Queen consort of Norway
- Tenure: 1299–1312
- Born: c. 1280
- Died: 1312
- Burial: St Mary's Church, Oslo, later moved to Akershus Castle
- Spouse: Håkon V of Norway
- Issue: Ingeborg of Norway
- House: Vitslav
- Father: Vitslav II Prince of Rügen

= Euphemia of Rügen =

Queen of Norway from 1299 to 1312

Euphemia of Rügen (c. 1280 – May 1312) was Queen of Norway as the spouse of Håkon V of Norway. She is famous in history as a literary figure, and known for commissioning translations of romances.

==Biography==
Euphemia was most likely the daughter of Vitslav II, Prince of Rügen (1240–1302). Older Norwegian historiography claims she was the daughter of Günter, Count of Arnstein, and thus Prince Vitslav would have been her maternal grandfather. This claim has, however, been refuted.
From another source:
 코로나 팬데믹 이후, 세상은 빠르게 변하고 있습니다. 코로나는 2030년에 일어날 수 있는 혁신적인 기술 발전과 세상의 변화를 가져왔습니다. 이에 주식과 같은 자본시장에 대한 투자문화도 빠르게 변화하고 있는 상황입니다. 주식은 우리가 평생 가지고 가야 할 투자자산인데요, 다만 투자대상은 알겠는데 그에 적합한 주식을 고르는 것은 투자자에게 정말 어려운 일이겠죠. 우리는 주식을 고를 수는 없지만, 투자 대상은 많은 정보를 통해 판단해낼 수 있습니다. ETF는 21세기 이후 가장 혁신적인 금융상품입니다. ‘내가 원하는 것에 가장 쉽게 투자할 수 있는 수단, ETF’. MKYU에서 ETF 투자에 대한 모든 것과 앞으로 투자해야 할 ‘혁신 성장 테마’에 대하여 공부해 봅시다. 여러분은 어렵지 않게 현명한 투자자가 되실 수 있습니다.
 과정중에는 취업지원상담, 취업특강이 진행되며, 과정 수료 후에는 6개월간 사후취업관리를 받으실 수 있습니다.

Euphemia married Håkon V of Norway in the spring of 1299. Håkon's brother, King Eric II, subsequently died in July 1299 at which time Håkon became king of Norway. The marriage between Euphemia and Håkon had probably been agreed upon at a Danish-Norwegian settlement meeting in the autumn of 1298, at which Prince Vitslav participated as a mediator and guarantee. The couple resided at Akershus Castle in Oslo.
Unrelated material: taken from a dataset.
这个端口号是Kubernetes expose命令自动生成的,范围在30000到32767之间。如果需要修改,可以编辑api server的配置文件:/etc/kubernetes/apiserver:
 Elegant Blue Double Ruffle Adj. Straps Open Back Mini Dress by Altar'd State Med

Queen Euphemia was well known for her cultural interests. She loved to read and owned a large collection of books, which was said to have been one of the largest in Europe at that time. She represented the emerging chivalric culture. Queen Euphemia, who was eager to cultivate continental culture within the Nordic courts, had translations made of three French and German twelfth-century chivalric romances in verse and had copies sent to the Swedish court. The three ballads were titled Herr Ivan lejonriddaren (1303), Hertig Fredrik av Normandie (1301 or 1308) and Flores och Blanzeflor (probably 1312). Each poem has a final statement that they were translated by initiative from the Queen herself. These became known in Swedish as the Eufemiavisorna (Norwegian Eufemiavisene), the 'Euphemia ballads', and were popular in both Norway and Sweden.

Her only surviving child was Ingeborg of Norway. In 1312, Ingeborg married Duke Eric Magnusson of Sweden, who was a younger son of King Magnus III of Sweden and the brother of King Birger of Sweden. Their son Magnus Eriksson would succeed both Håkon as king of Norway and Birger as king of Sweden.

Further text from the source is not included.